§ Description of the task: Starting with the line that contains "The identification key" and stopping after the line that contains "German filmmaker Beate", return each line below exactly as written, with no others.

§ Data extracts:
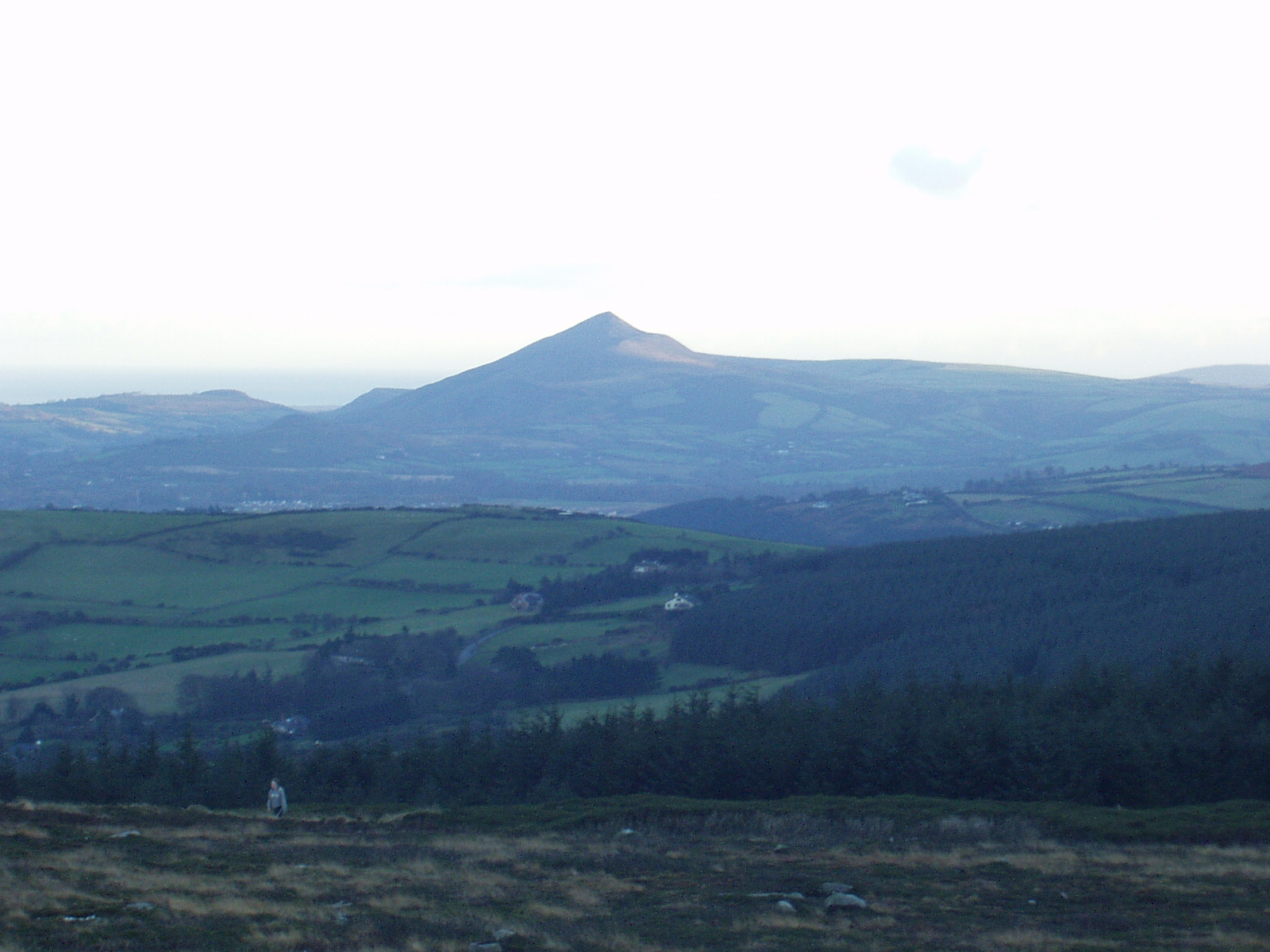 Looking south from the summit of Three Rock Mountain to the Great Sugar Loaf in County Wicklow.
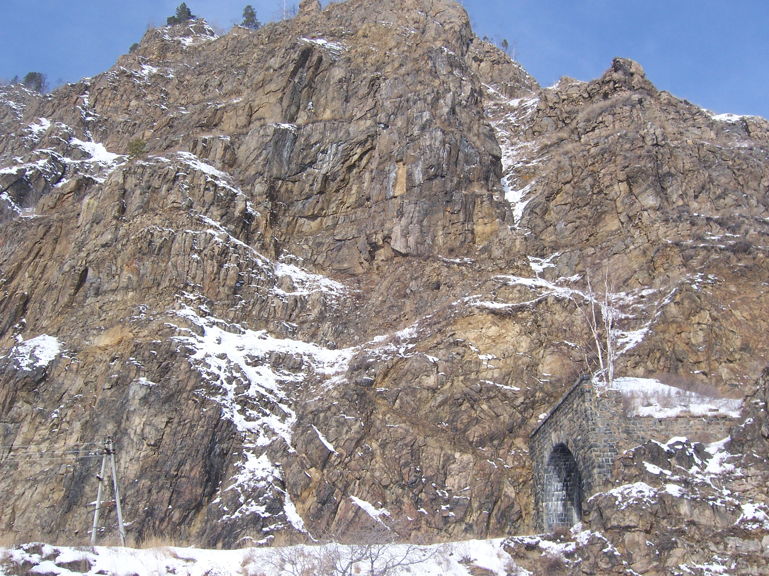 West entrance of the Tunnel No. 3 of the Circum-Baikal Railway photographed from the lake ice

---

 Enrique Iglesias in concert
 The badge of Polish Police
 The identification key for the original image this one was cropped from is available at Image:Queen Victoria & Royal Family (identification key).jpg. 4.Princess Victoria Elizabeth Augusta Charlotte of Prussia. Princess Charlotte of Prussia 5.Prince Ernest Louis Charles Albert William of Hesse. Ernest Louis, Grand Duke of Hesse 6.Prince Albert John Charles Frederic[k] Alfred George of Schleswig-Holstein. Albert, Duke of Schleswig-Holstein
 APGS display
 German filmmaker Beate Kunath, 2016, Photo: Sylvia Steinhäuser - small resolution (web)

§ Exercise response:
 The identification key for the original image this one was cropped from is available at Image:Queen Victoria & Royal Family (identification key).jpg. 4.Princess Victoria Elizabeth Augusta Charlotte of Prussia. Princess Charlotte of Prussia 5.Prince Ernest Louis Charles Albert William of Hesse. Ernest Louis, Grand Duke of Hesse 6.Prince Albert John Charles Frederic[k] Alfred George of Schleswig-Holstein. Albert, Duke of Schleswig-Holstein
 APGS display
 German filmmaker Beate Kunath, 2016, Photo: Sylvia Steinhäuser - small resolution (web)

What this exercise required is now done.